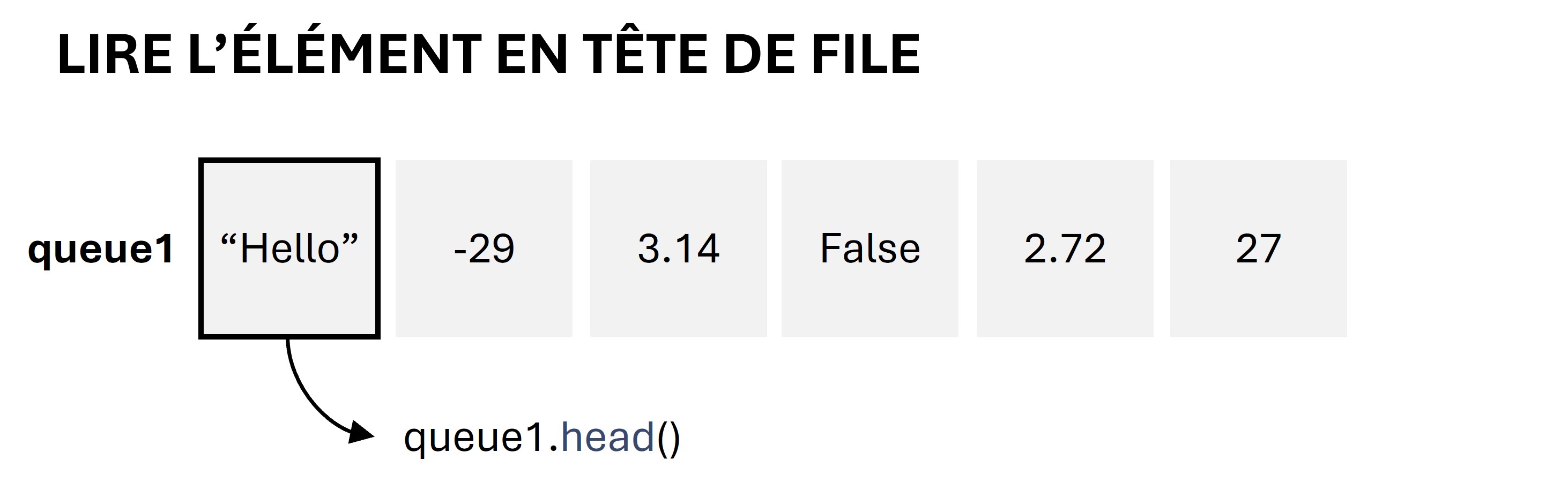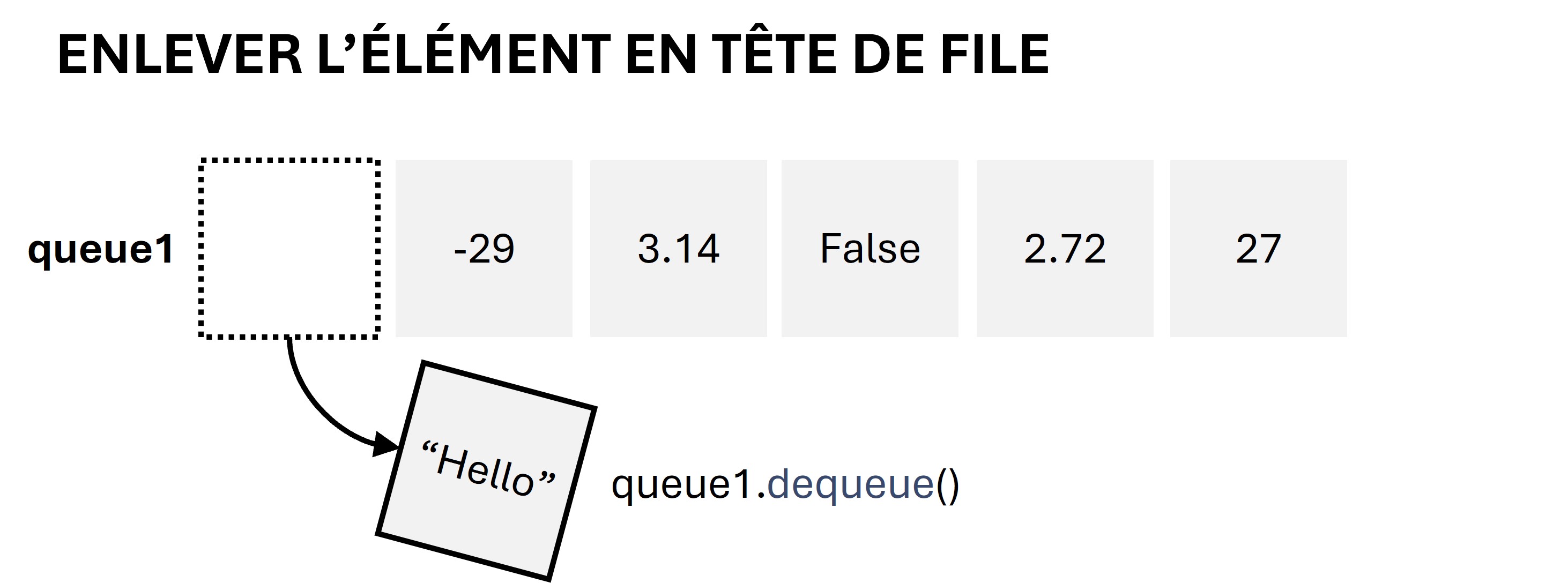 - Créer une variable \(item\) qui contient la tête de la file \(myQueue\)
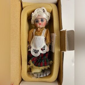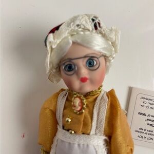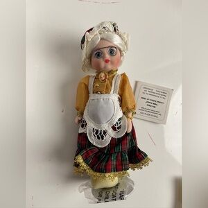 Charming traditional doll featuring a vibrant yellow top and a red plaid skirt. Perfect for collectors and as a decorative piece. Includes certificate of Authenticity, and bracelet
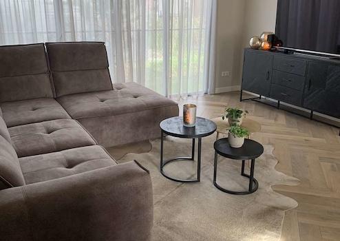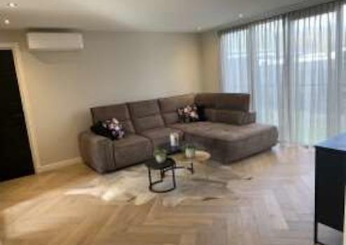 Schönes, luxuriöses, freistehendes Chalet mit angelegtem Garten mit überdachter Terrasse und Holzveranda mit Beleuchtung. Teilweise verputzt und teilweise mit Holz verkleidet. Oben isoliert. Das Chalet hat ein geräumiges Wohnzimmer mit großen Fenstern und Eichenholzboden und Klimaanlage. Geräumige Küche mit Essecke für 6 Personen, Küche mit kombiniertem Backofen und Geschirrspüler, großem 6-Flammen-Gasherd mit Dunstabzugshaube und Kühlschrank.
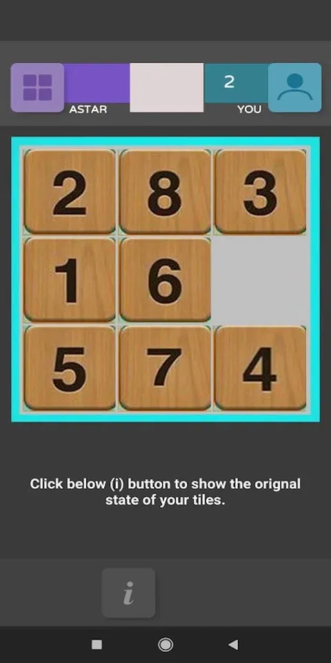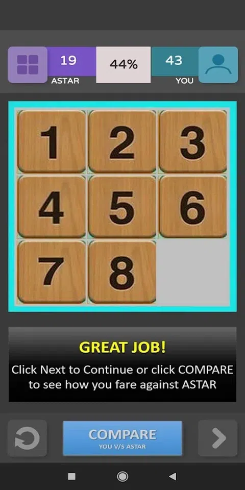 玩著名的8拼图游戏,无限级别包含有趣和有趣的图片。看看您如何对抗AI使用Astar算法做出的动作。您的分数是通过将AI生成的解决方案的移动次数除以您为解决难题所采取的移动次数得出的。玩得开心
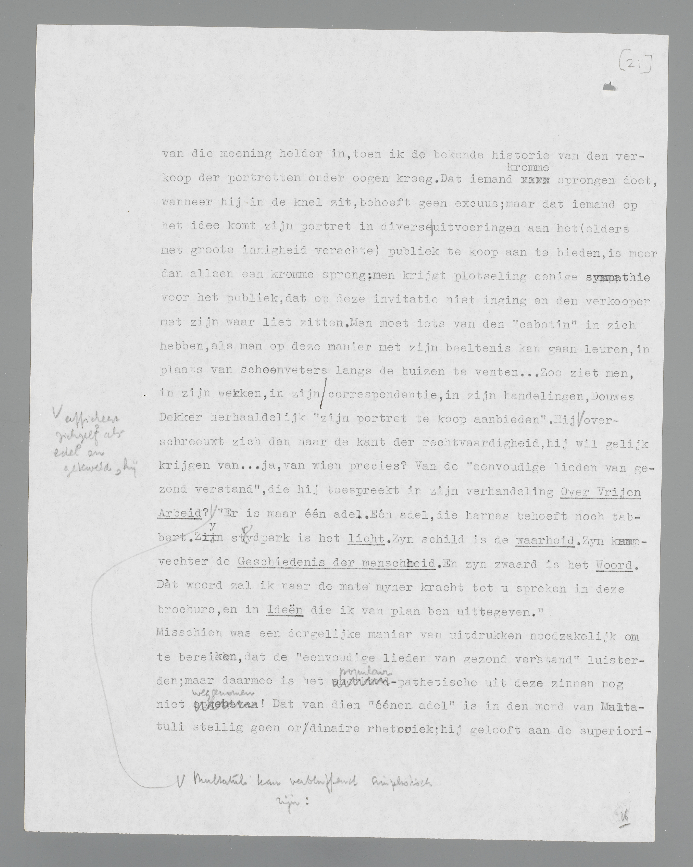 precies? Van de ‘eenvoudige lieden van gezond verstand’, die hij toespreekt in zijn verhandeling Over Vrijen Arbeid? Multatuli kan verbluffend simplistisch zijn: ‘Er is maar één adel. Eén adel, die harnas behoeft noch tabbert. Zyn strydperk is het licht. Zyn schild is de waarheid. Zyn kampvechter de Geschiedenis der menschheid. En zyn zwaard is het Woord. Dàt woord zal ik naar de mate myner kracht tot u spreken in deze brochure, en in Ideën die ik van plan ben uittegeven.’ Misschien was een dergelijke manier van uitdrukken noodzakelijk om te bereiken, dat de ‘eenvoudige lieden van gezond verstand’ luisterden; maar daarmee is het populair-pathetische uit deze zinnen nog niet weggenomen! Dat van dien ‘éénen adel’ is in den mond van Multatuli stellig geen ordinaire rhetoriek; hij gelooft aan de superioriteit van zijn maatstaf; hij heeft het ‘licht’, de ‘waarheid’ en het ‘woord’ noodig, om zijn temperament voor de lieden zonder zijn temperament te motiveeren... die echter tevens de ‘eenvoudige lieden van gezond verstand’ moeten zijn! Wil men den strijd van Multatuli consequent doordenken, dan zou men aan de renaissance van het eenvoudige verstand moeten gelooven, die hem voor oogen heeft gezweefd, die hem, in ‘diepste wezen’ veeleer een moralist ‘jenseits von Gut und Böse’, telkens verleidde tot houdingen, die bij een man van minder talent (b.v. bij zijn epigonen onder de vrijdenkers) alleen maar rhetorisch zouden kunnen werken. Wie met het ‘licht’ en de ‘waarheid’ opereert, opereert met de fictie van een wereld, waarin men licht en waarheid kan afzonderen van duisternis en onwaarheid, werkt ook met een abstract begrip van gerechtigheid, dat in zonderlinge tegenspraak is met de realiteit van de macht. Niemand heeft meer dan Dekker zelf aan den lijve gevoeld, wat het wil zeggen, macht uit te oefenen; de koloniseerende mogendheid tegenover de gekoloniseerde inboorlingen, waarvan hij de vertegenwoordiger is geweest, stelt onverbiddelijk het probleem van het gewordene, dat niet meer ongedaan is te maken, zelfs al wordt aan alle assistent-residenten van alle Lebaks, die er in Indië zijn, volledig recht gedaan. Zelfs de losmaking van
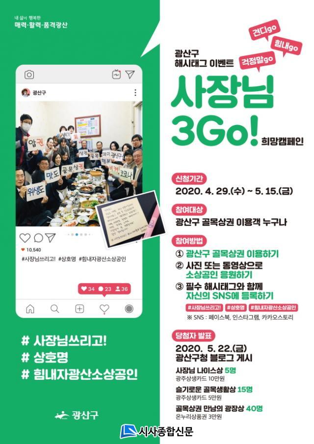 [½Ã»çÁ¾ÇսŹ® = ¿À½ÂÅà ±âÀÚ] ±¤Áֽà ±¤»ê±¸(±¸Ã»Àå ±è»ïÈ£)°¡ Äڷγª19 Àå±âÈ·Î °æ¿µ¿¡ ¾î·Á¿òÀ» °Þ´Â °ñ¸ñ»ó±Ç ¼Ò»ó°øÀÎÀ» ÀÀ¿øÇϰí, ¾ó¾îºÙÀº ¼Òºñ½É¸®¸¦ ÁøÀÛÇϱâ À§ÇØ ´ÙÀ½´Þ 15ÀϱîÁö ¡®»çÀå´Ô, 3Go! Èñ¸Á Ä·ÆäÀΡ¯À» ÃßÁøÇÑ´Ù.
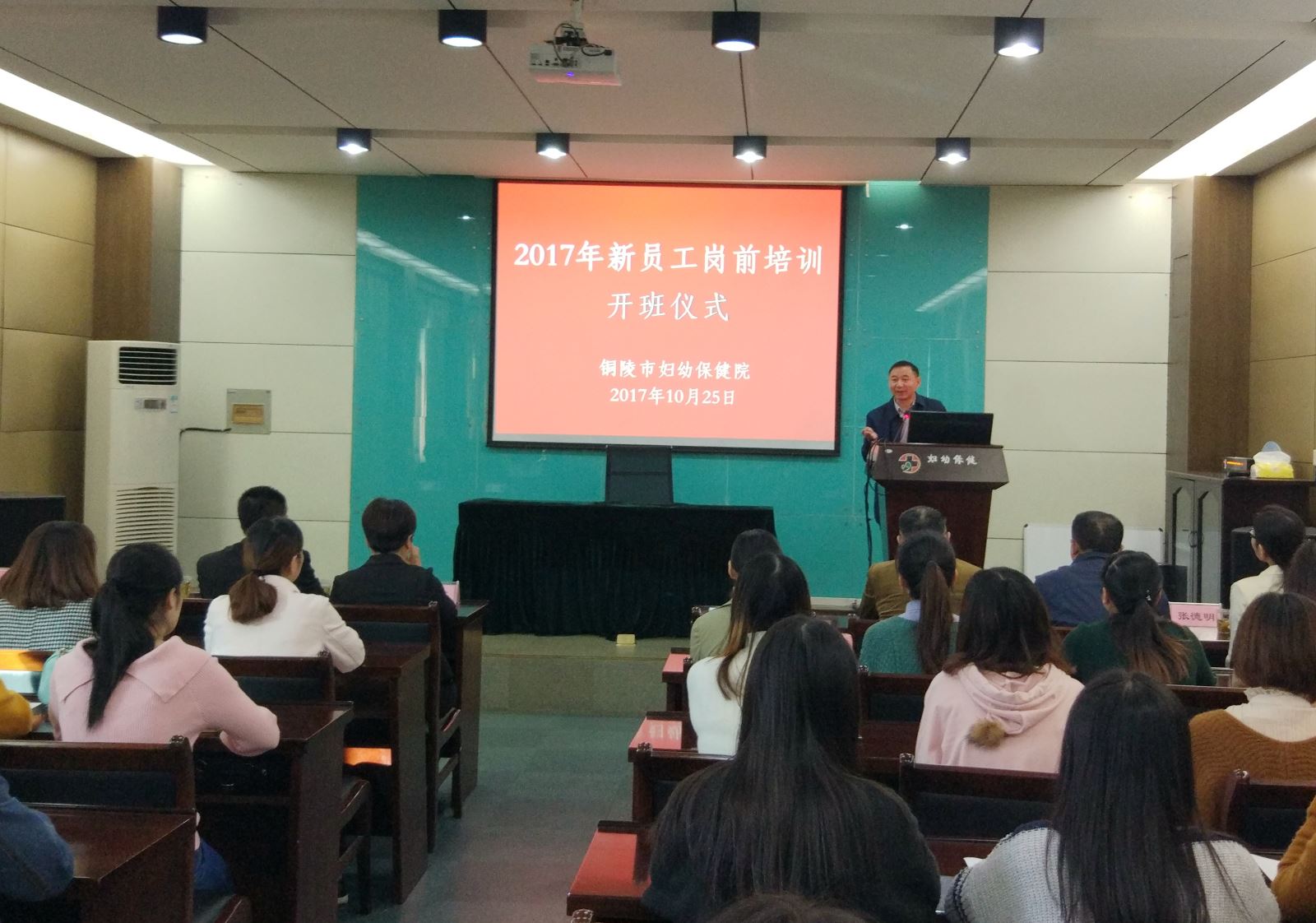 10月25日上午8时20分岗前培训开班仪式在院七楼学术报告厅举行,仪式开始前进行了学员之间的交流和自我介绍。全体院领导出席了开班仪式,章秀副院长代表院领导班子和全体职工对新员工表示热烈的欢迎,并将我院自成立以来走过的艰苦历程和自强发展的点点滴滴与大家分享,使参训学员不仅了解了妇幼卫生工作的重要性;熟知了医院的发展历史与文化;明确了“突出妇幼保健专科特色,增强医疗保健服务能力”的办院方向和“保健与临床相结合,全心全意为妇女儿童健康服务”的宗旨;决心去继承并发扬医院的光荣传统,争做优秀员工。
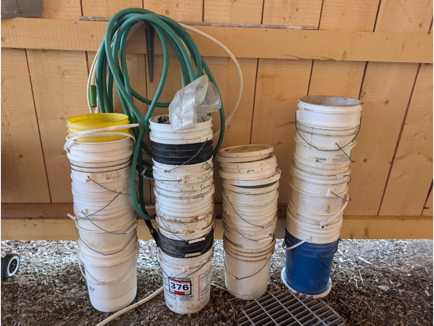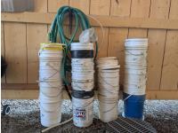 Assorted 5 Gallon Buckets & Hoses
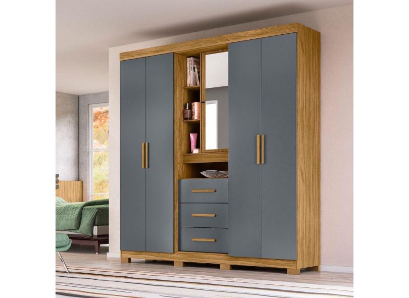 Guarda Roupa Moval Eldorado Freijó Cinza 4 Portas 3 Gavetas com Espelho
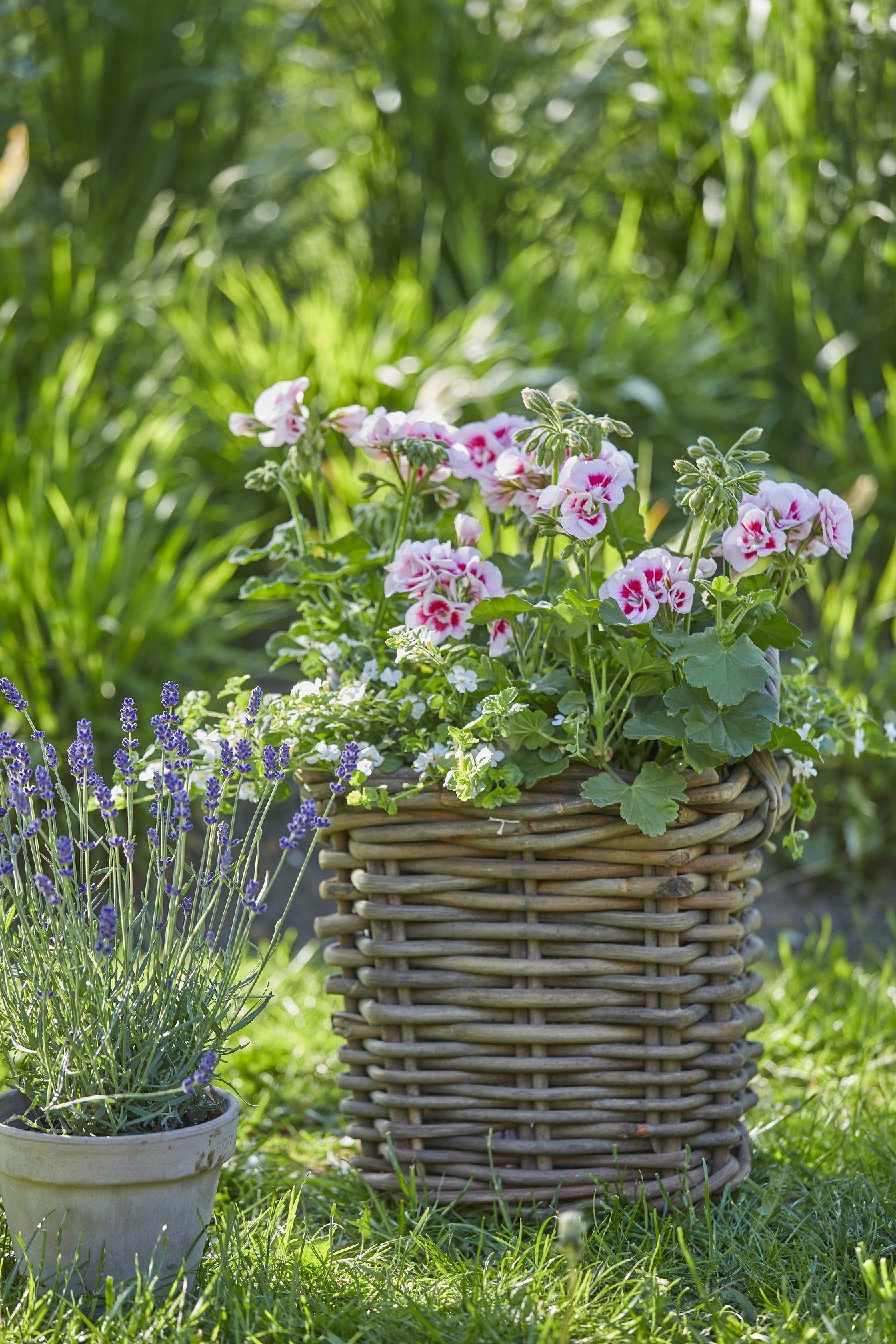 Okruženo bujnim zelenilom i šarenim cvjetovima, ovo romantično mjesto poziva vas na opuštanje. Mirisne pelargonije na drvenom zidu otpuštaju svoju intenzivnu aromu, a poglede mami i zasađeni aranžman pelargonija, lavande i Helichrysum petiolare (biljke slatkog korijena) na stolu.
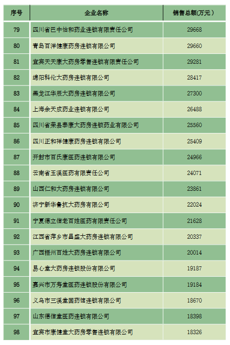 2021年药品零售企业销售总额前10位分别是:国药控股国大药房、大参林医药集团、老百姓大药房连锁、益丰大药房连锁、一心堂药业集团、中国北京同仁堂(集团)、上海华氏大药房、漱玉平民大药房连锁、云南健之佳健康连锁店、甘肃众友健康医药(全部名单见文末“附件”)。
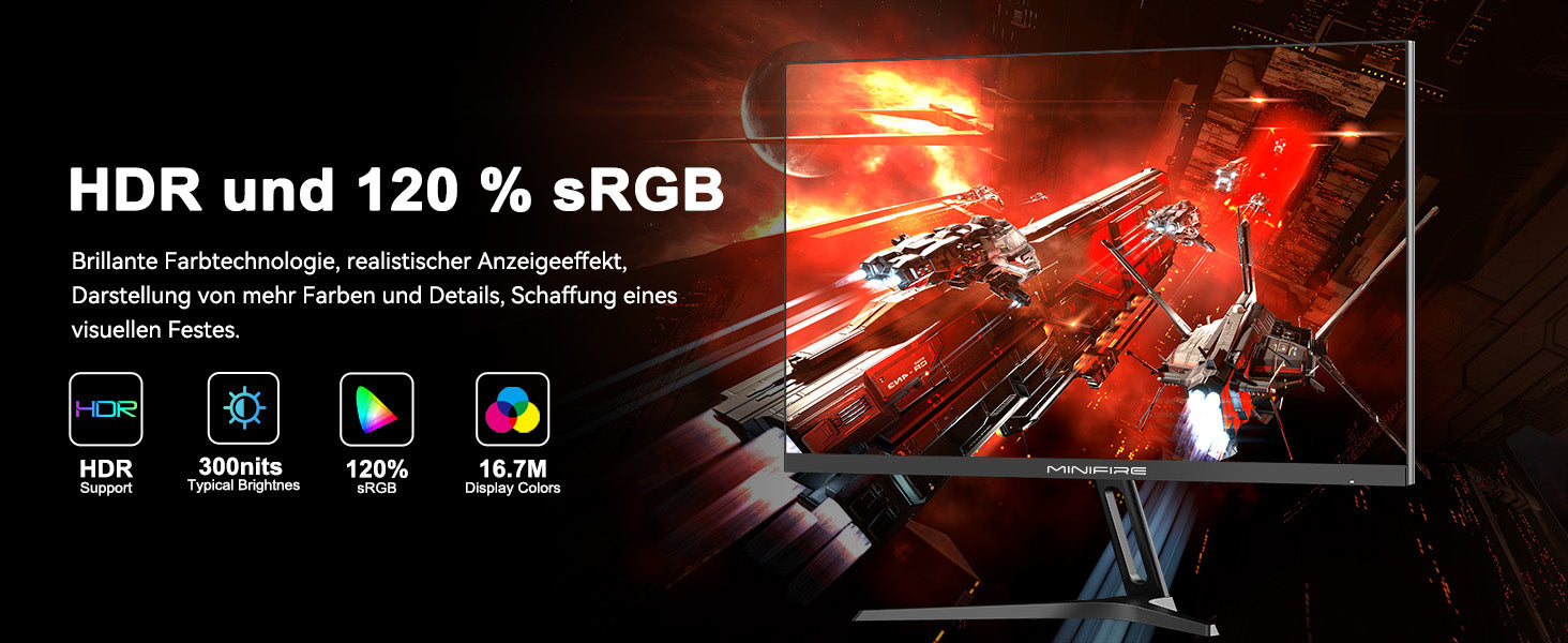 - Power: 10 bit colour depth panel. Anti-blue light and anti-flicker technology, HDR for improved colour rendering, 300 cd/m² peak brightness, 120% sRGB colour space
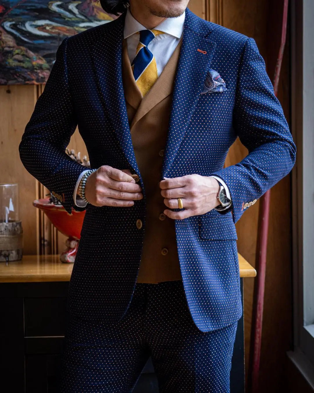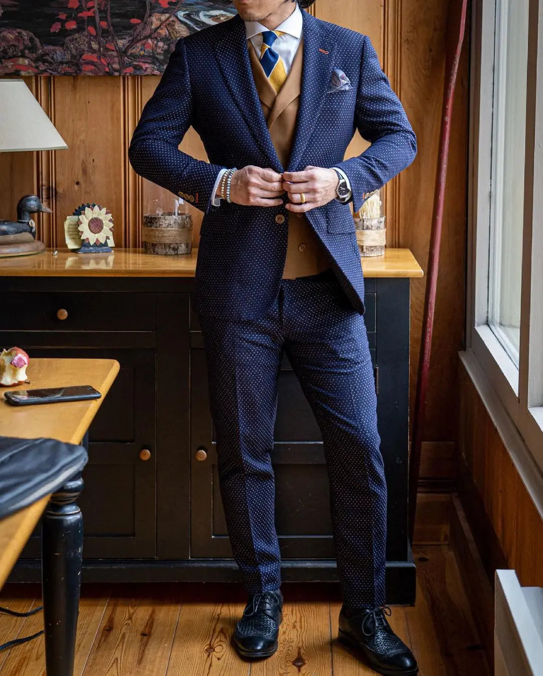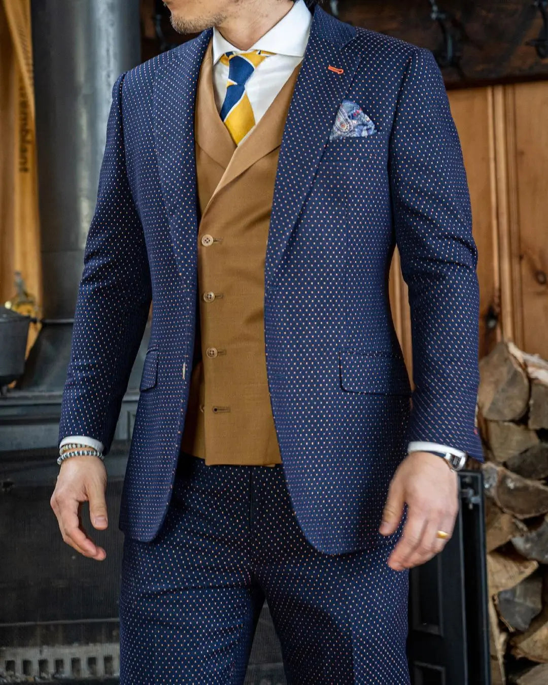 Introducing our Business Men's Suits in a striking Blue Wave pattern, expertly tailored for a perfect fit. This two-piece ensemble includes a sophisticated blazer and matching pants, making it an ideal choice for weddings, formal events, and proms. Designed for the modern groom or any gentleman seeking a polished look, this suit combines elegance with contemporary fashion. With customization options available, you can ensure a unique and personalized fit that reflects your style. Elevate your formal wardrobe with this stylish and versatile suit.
+++++
▸ YOUR GOAL: Pictures excluded, repeat exactly the lines from the top of the material through the line with "玩著名的8拼图游戏,无限级别", including both of those lines.

▸ PROBLEM SOLUTION:
 - Créer une variable \(item\) qui contient la tête de la file \(myQueue\)
 Charming traditional doll featuring a vibrant yellow top and a red plaid skirt. Perfect for collectors and as a decorative piece. Includes certificate of Authenticity, and bracelet
 Schönes, luxuriöses, freistehendes Chalet mit angelegtem Garten mit überdachter Terrasse und Holzveranda mit Beleuchtung. Teilweise verputzt und teilweise mit Holz verkleidet. Oben isoliert. Das Chalet hat ein geräumiges Wohnzimmer mit großen Fenstern und Eichenholzboden und Klimaanlage. Geräumige Küche mit Essecke für 6 Personen, Küche mit kombiniertem Backofen und Geschirrspüler, großem 6-Flammen-Gasherd mit Dunstabzugshaube und Kühlschrank.
 玩著名的8拼图游戏,无限级别包含有趣和有趣的图片。看看您如何对抗AI使用Astar算法做出的动作。您的分数是通过将AI生成的解决方案的移动次数除以您为解决难题所采取的移动次数得出的。玩得开心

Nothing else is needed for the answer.